Basically my process was:
1) unmount RDM from within guest
2) remove LUN out from under ESX
3) delete snapshot assigned to LUN
4) create new snapshot
5) create new LUN (same number as before)
6) export to ESX
7) re-mount volume in guest (i.e. no unmapping from guest, no guest reboot/shutdown etc)
This was part of an automated process that would take a R/W snapshot from say a production Oracle or MySQL database and swing it around to another system for use.
in ESX 3.0 and 3.5 this worked flawlessly hundreds of times, in vSphere 4.0 (haven't tried 4.1 or 5.0 yet) this broke because vSphere assigned a new UUID to the new snapshot even though it was on the same LUN # with RDM! The docs for RDM explicitly state RDM is good for leveraging SAN snapshots and/or for doing backups, both of which I leveraged this ability with, and it broke horribly in 4.0. vSphere should stay out of trying to micro manage RDMs because they are just that - raw devices.
I had similar UUID troubles (which I document in the above post) when dealing with NFS as well since vSphere 4.0 (again haven't tried 4.1 or 5.0 yet) assigned a UUID based on the IP address of the NFS cluster (of which there was many), so if I relied upon DNS to access my NFS (which seems common) I could not do things like vMotion because host #1 may be using IP #1 and host #2 may be using IP #3 and vSphere would see those different IPs as different UUIDs (even though it is the same file system, same NAS cluster), and prevent vMotion from occurring.
Can you revise your post to include instructions on how to do the same thing with RDM ? Preferably something that is simple.
I filed support cases on both of these issues back in 2009 but got nowhere.
Maybe it will 'just work' in 4.1 and/or 5.0, though I'm not holding my breath based on what support told me back then.
thanks
Posted by: nate | 11/29/2011 at 04:59 PM
Hello Nate,
Thanks for the comment.
My best guess for this behaviour is that in vSphere 4.0 we moved away from using the archaic vmhbaC:T:L:P naming convention to using actual SCSI identifiers like the NAA id.
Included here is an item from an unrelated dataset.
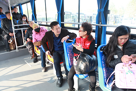 投運的專線公交上,漂亮明亮的內部環境、暖和舒適的座椅,讓乘客們眼前一亮,一些細心的老年乘客還不禁這里摸摸那里試試,不停點贊,“舒適、漂亮、干凈”!
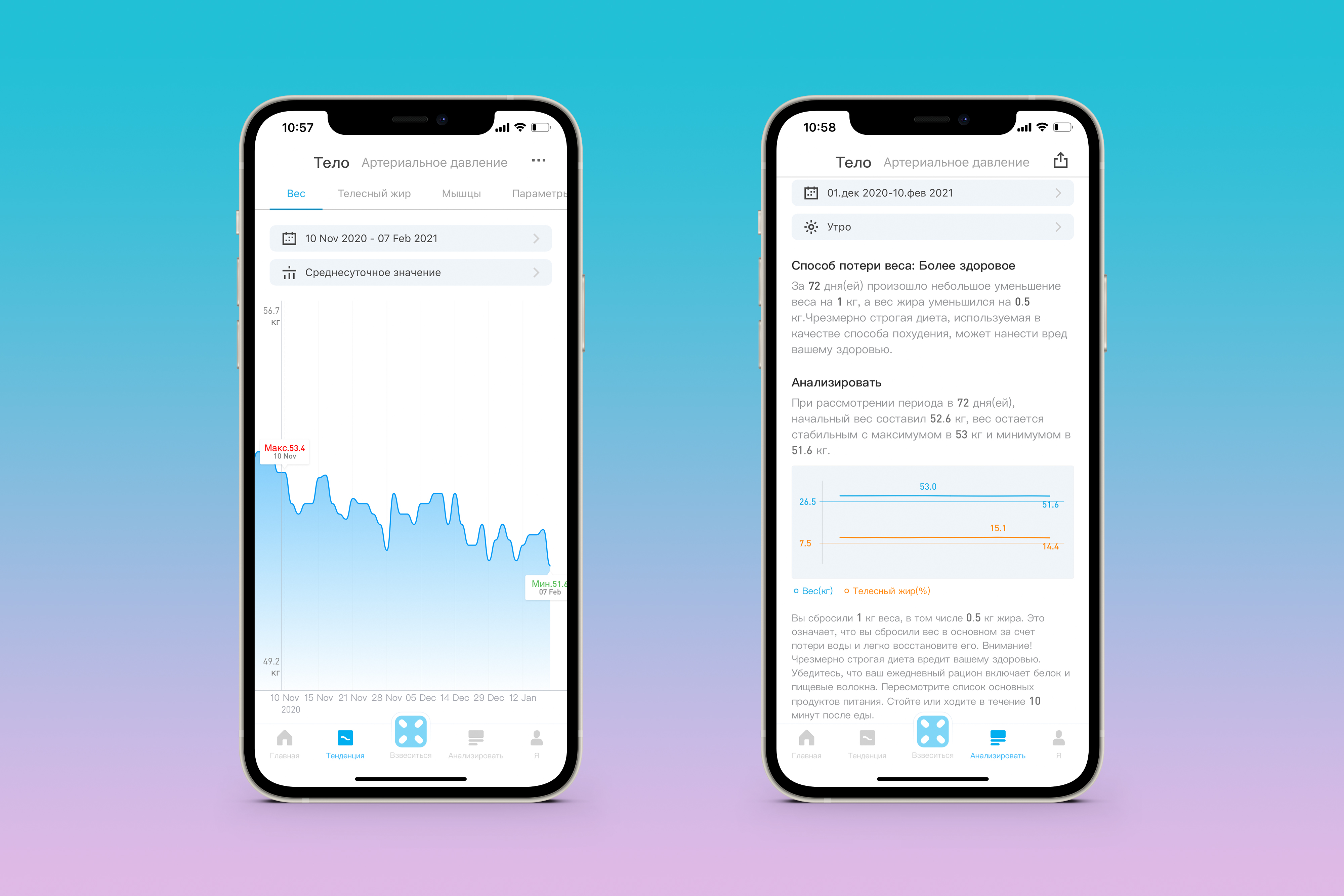 Наглядные диаграммы. Следите за изменениями с помощью графиков с гибкой настройкой — по весу, телесному жиру и мышечной массе. При отображении жира и мышц можно переключаться между процентами и килограммами и задавать временной интервал и даже время суток.

The older method would allow you to remove a LUN and present a different LUN back, and have ESX 3.x earlier think it was the same device. As you've now observed, this is no longer the case, with each snapshot getting allocated its own NAA id. This mechanism prevents original and snapshot copies of a VMFS being presented to the same ESX at the same time, and causing other problems.
The behaviour is 4.0 will be the same in 4.1 & 5.0 as we now use NAA ids to uniquely identify SCSI devices.
To work around this issue, could you not just remove the mapping file after unpresenting the old LUN/snapshot and recreate it when the new LUN/snapshot is presented? This way the mapping file will then have the correct reference (older mapping files used the vmhbaC:T:L:P which is why it worked).
Posted by: Chogan | 11/30/2011 at 03:38 AM
In vsphere 5.0, It is worthwhile to note that prior to unmount using VC, it does a exhaustive check and only when everything checks out "Green" it will give you an option to proceed with the unmount.
Big thanks to the team on making this a easier task rather than going thru hoops (masking and stuff as in ESX 4.x).
Posted by: Ravi | 01/20/2012 at 03:40 PM
Yes - good call Ravi. The VMware engineering teams have done a lot of good work in this area for sure.
Posted by: Chogan | 01/23/2012 at 02:12 AM